How do you feel about the rising power consumption caused by the large convolutional neural networks (CNNs) that companies like Meta are now routinely building?
—R.K., Korneuburg, Austria

That’s a great and sensible question. I know some people think those models (e.g., Meta’s LLaMA) are useless and waste resources. But I’ve seen how much good they can do, and since they’re usually offered later to the public for free, I think the resources spent to train those models will pay off over time.

What are your thoughts on those who claim that AI models have achieved sentience? Based on your experience with language models, do you think they are getting anywhere close to sentience in the near future?
—V.D., Georgia, United States

Assessing whether something like AI is self-conscious is so metaphysical. I don’t like the focus of these types of stories or their resulting bad press for the NLP field. In general, most artificial intelligence projects don’t intend to be anything more than, well, artificial.

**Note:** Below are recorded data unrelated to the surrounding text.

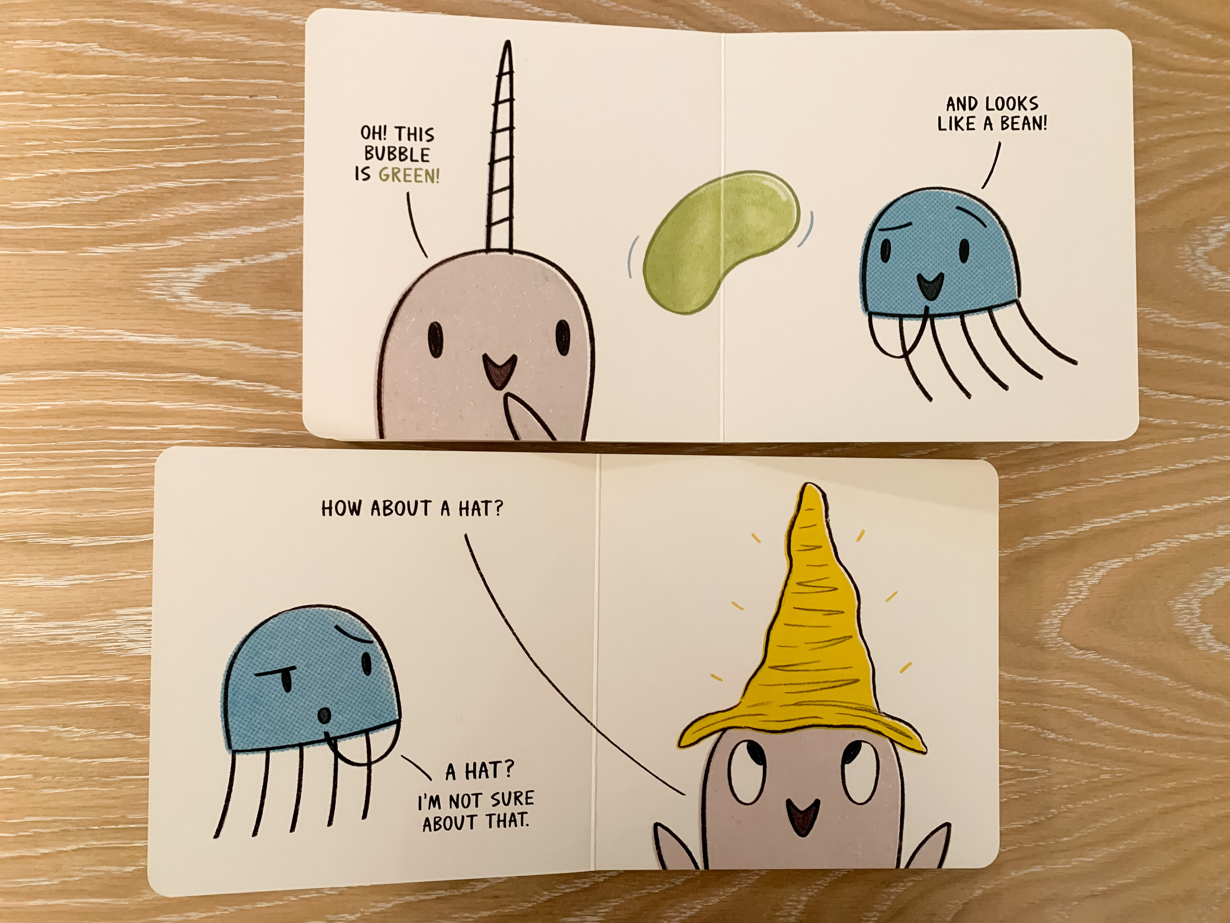 You probably know about the wildly popular early graphic novel series, Narwhal and Jelly, but have you seen the new BOARD books that came out early in 2021? Pared back but with all the charm we’ve come to expect from this Frog-and-Toad like duo, they’re equally terrific for pre-readers and early readers alike. Don’t let the scarcity of words in Bubbles and Blankie fool you: Ben Clanton has a gift for word play, weaving in rhymes and puns alongside pops of color to create stories that beg to be read aloud. In Bubbles, after Narwhal literally bursts Jelly’s bubble, the two set off to find different types of bubbles (“These bubbles are pink! Eew! These bubbles kind of stink!”). In Blankie, the two devise clever uses for Narwhal’s yellow blankie—It’s a tissue! It’s a cape! It’s a picnic blanket!—until they discover it’s big enough to fit around two friends.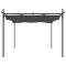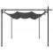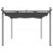 Pergola avec toit rétractable anthracite 295x292x230 cmCette pergola offre un excellent abri pour les réunions de famille, les fêtes et autres activités de plein air. Toile résistante aux UV : le toit de la pergola de jardin, fabriqué en tissu polyester avec un revêtement de PA, vous protège de l'éblouissement et des rayons UV nocifs de la lumière directe du soleil.Structure stable et robuste : le cadre en aluminium et en acier enduit de poudre rend la pergola d'extérieur stable et solide.Toit rétractable : la pergola en métal est dotée d'un toit rétractable, ce qui vous permet de l'ajuster selon vos besoins. Larges applications : ce pavillon sert à diverses fins, notamment pour les repas en plein air, les divertissements, la relaxation et la méditation. Bon à savoir :Ce produit ne convient pas pour une utilisation pendant de mauvaises conditions météorologiques telles que vent fort, fortes pluies, neige, tempête, etc.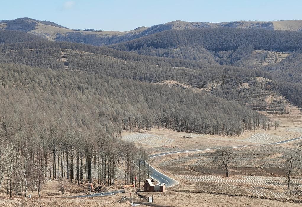 內(nèi)蒙古喀喇沁旗小美林鎮(zhèn)到河北省圍場縣蘭旗卡倫鄉(xiāng)的公路(2024年3月29日攝)。新華社記者 魏婧宇 攝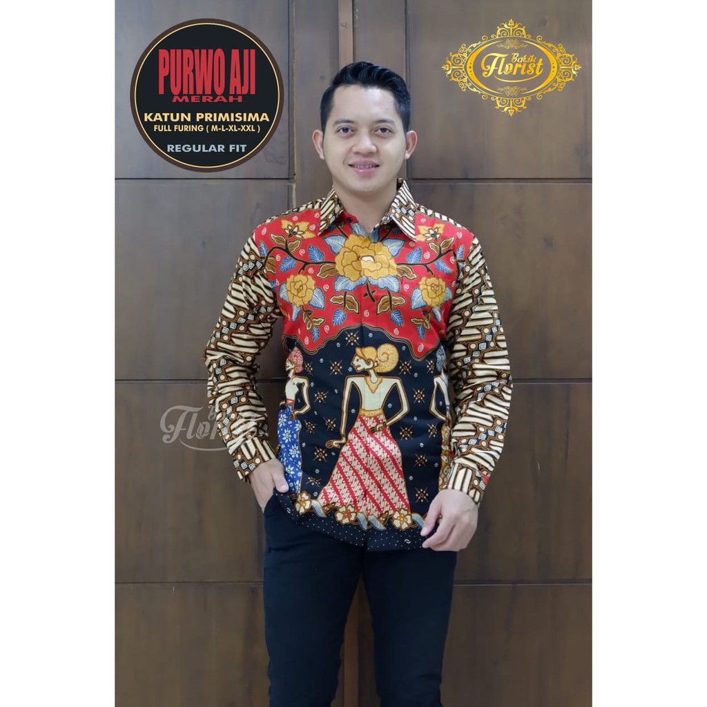 Name: Batik Pria Purwo Aji Merah Size M - Xxl Regular Batik Solo Halus Asli Katun Sragenan Full Furing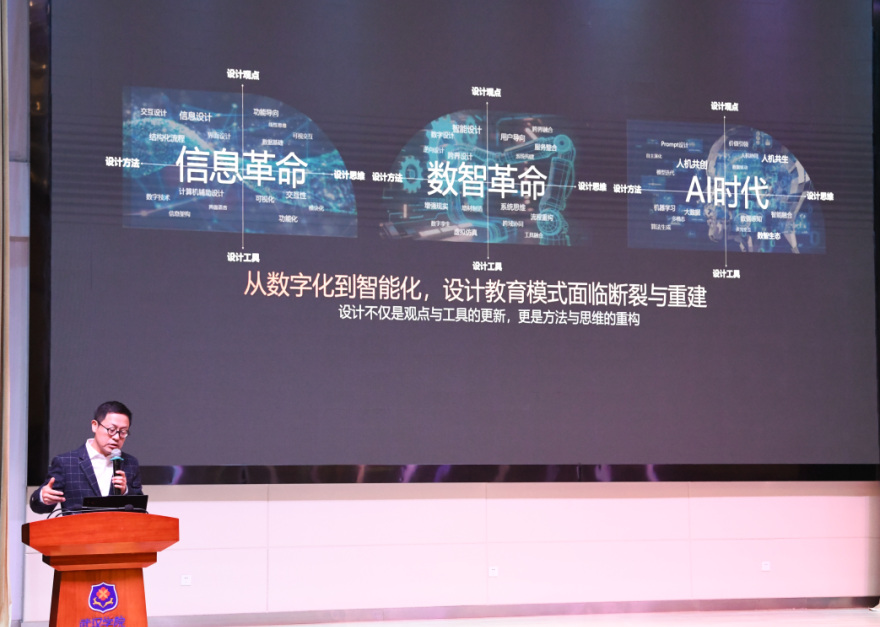 湖北工业大学艺术设计学院院长饶鉴教授分享了该校在智能设计教育领域的实践经验,提出"AI赋能、设计驱动"的新型教学模式,强调艺术设计教育必须紧跟技术变革,培养创新型复合人才。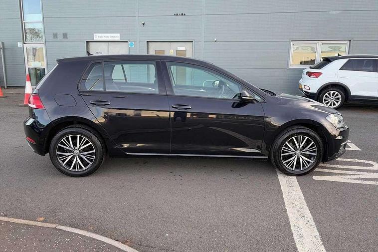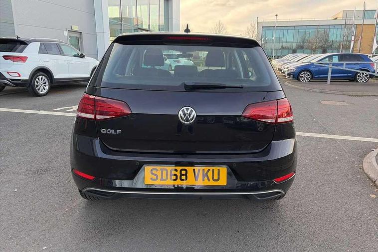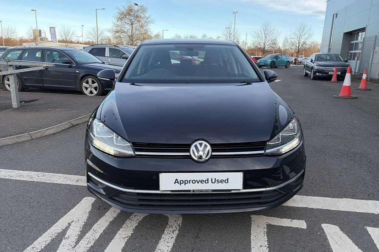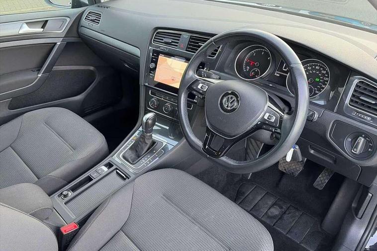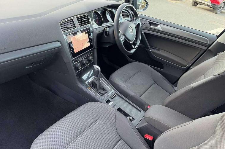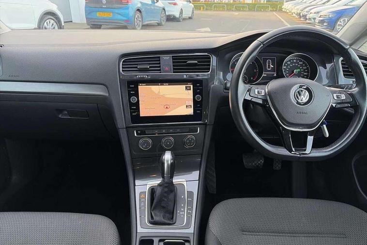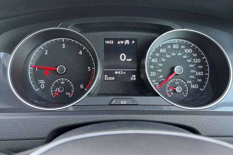 'Lights On' Reminder warning buzzer, 8" colour touch screen, ACC - Adaptive cruise control with front assist, forward collision warning, distance monitoring, city emergency brake and speed limiter, App-Connect, Bluetooth telephone and audio connection for compatible devices, Brake pad wear indicator warning light, Drive mode selector, Driver alert system, Driver profile selection, Front assist, radar sensor controlled distance monitor, city emergency braking + predictive pedestrian protection, Front assistant collision mitigation, Instrument cluster in white, Misfuelling protection device, Multifunction computer with visual gear change recommendation for fuel consumption, Power assisted speed sensitive electro-mechanical steering, Speedo, rev counter, electronic odometer, trip, service interval display, exterior temperature and fuel gauge, Stop/start system, Ultrasonic front and rear optical and audible parking sensors, Warning buzzer and light for front seatbelts unfastened, Battery regeneration during braking, Diesel particulate filter, XDS electronic differential lock, 8 Speakers, CD/MP3/WMA, USB and SD card reader, aux-in, Composition media system, DAB Digital radio receiver, SMS Functionality, Automatic coming/leaving home lighting function, Automatic dimming rear view mirror/rain sensor, Black front air intake and radiator grille with chrome insert, Black rear diffuser, Body colour bumpers, Body colour door handles, Body colour door mirrors with integrated indicators, Electric front windows, Electric rear windows, Electrically adjustable and heated door mirrors, Glavanised body, Heated rear windscreen, High level 3rd brake light incorporating LED Technology, Range adjustable headlights via infotainment system with LED daytime running lights, Rear number plate lights incorporating LED technology, Rear window aerial, Rear window wash/wipe with intermittent wipe, Reflectors in all doors, Remote electrically foldable door mirrors, door mirror puddle lights and reverse activated kerb-view adjustment on passengers door mirror, Tailgate with integrated rear roof spoiler, Windscreen wipers/ intermittent wipe + 4 position delay, 12V socket in luggage compartment, 3 rear headrests, 4 load lashing points in luggage compartment, 60/40 split folding rear seat backrest, Bag hook in luggage compartment x 2, Cooled glovebox, Dust/pollen filter, Front and rear reading lights incorporating LED technology, Front centre armrest with storage compartment and two rear air vents, Front seat back storage pockets, Grab handles front x 2, rear x 2 with integrated coat hooks, Height and reach adjustable steering wheel, Illuminated vanity mirrors, Instrument lighting white adjustable panel illumination, Interior light delay, Isofix preparation for 2 rear child seats, Load through provision with rear centre armrest and cupholders x2, Luggage compartment light, Multifunction leather steering wheel with leather trimmed gear knob, Overhead storage box, Pearl grey headlining, Storage box in luggage compartment, Storage compartment in roof console with cover, Storage compartments in front doors, Storage compartments in rear doors, Stowable luggage compartment cover, Sun visors, Three spoke multi-function leather trimmed steering wheel and gearknob, Variable boot floor, height adjustable and removable, Mirror pack - Golf, 3 rear three point seatbelts, Airbags - Driver's and front passenger's, curtain airbag, Driver's knee, front side impact and passenger's airbag deactivation switch, Anti-lock Braking System (ABS) with Hydraulic Brake Assist (HBA), Automatic post collision braking system, Child locks on rear doors, Driver/Passenger optimised head restraints, Electronic parking brake with auto hold, Electronic stability control (ESC) including Electronic differential lock (EDL) and ASR (Traction control) with deactivation via infotainment system, Pre crash preventive occupant protection, Three point height adjustable front seatbelts with tensioners, Tyre pressure loss indicator, Alarm with interior protection, Electronic engine immobiliser, Remote central locking with 2 remote folding keys, Brushed dark silver decorative inserts in dash and door panels, Chrome plated air vent surround, Chrome-plated light switch surround, Polar night black centre console, Steel space saver spare wheel,

In your opinion, should we worry about ethical issues related to AI and ML?
—O.L., Ivoti, Brazil

We surely should—especially with recent advances in AI systems like ChatGPT! But a substantial degree of education and subject matter expertise is required to frame the discussion, and I’m afraid that certain key agents (e.g., governments) will still need time to achieve this.

One important ethical consideration is how to reduce and avoid bias (e.g., racial or gender bias). This is a job for technologists, companies, and even customers—it is critical to put in the effort to avoid the unfair treatment of any human being, regardless of the cost.

Overall, I see ML as the main driver that could potentially lead humanity to its next Industrial Revolution. Of course, during the Industrial Revolution many jobs ceased to exist, but we created new, less menial, and more creative jobs as replacements for many workers. It is my opinion that we will do the same now and adapt to ML and AI!

The editorial team of the Toptal Engineering Blog extends its gratitude to Rishab Pal for reviewing the technical content presented in this article.